When I grew up, I made a few passing attempts to get to know my father, and I sensed some gestures in return. He wrote a few letters when I was a missionary, and I wrote back. He took Sheri and I on a bizarre trip to Europe; he and I shared a room for two weeks, and never really spoke. He showed up at my wedding. My older sisters always encouraged me to put more effort in, to try harder, to seek understanding. He’s different than you think, they said. He tries and shows love just not how you can see it, they said. Maybe he can’t express anything to you, they said.

Maybe, I would think back. But the man whose name I bear can’t tell me the names of my own children, and that tells me everything I need to know. Four decades in and not much has changed.

My father just turned 80. I’m 40. I drove down with my partner to celebrate dad’s life, meeting the rest of my siblings there in Las Vegas. Conversations were superficial. He seemed genuinely happy, in his way, to see his children there to honor him. He told a few terrible jokes. He thanked everyone for being there. I left silently, overwhelmed by the experience.

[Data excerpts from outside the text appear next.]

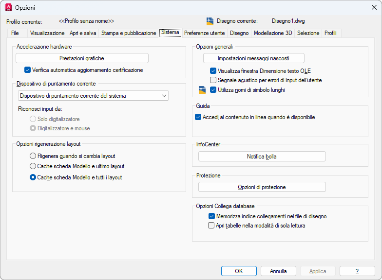 Controlla le opzioni relative alla connessione ai database. (Non disponibile in AutoCAD LT)
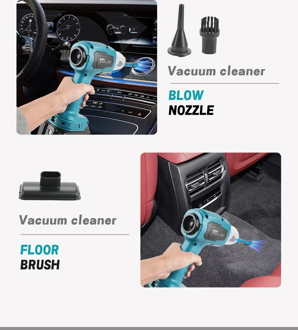 Cenários aplicáveis: Limpeza de carros, limpeza de espaços de armazenamento, limpeza de porta-malas, limpeza de pequenos itens como teclados (conforme mostrado nas imagens dos cenários de uso)
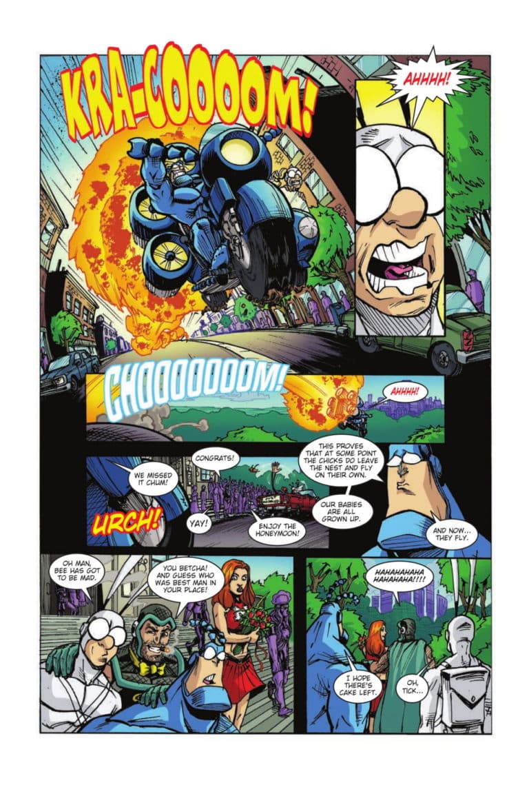 The Tick is back for his 10th Free Comic Book Day featuring an ALL NEW story by Ian Nichols! The Tick has always been one of the most popular FCBD comics! Dave has the largest collection of Tick & Arthur memorabilia in the world—except the most rarest “items” of all….Tick & Arthur themselves! Featuring the return of the fan favorite Tick Cycle with its legendary “unnecessary rockets”! The Tick is one of the most successful and longest-running independent comics ever! SPOOOOOOOOOOOON!
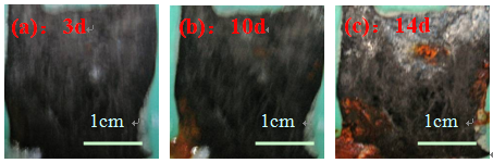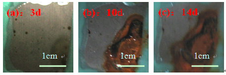 双层膜A在盐雾实验中的腐蚀变化如图6所示,图中(a)(b)(c)分别为放入盐雾箱3d,10d,14d后的腐蚀情况。可以看到,在3d时就已开始出现锈斑,但此时锈斑仍然很小。到10d时,锈斑迅速长大,占到总面积的30%。
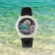 Stylish watch with white numerals that features the photo image of a pair of cute Sea Otters playing with a ball toy. Select your watch from several styles.
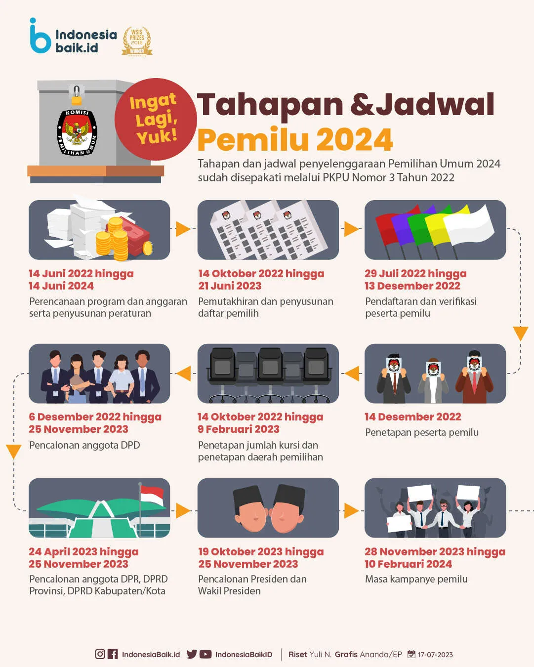 Indonesiabaik.id - Pemilu 2024 sudah di depan mata loh! Peraturan Komisi Pemilihan Umum (PKPU) untuk penyelenggaraan Pemilu 2024 telah sah diundangkan melalui PKPU Nomor 3 Tahun 2022. Artinya, tahapan dan jadwal penyelenggaraan Pemilihan Umum 2024 sudah disepakati.

A week later, I got a card in the mail. It was more than a sentence this time. “Thank you for coming to surprise me,” he said. “I’m glad we can seek common ground, despite our differences. Love, Dad.”

Our differences, I thought. What common ground, I thought. I set the card down. And again, I cried.

But at his grave, I didn’t cry. My name is on the back of his headstone. Etched there, permanently. I’m sixth in a list of his children. And one day, a death date will be carved into the front, and my father laid beneath. But my name will already be there, unchanged, like it has been all along, even before I knew about it.

Once, a therapist asked me how my father had impacted me the most. And I surprised her by answering that he made me an incredible father to my sons. I show interest in them, I said. I listen. I tickle and sing, dance and play, travel and teach, set boundaries and enforce routines. I’m there. Every day. There are no question marks in their center spaces. When I tell them I love them, they roll their eyes and say,  “Dad, we know! We love you too!” I’m there, and he wasn’t. He taught me to be an incredible father, I said, by never teaching me anything at all.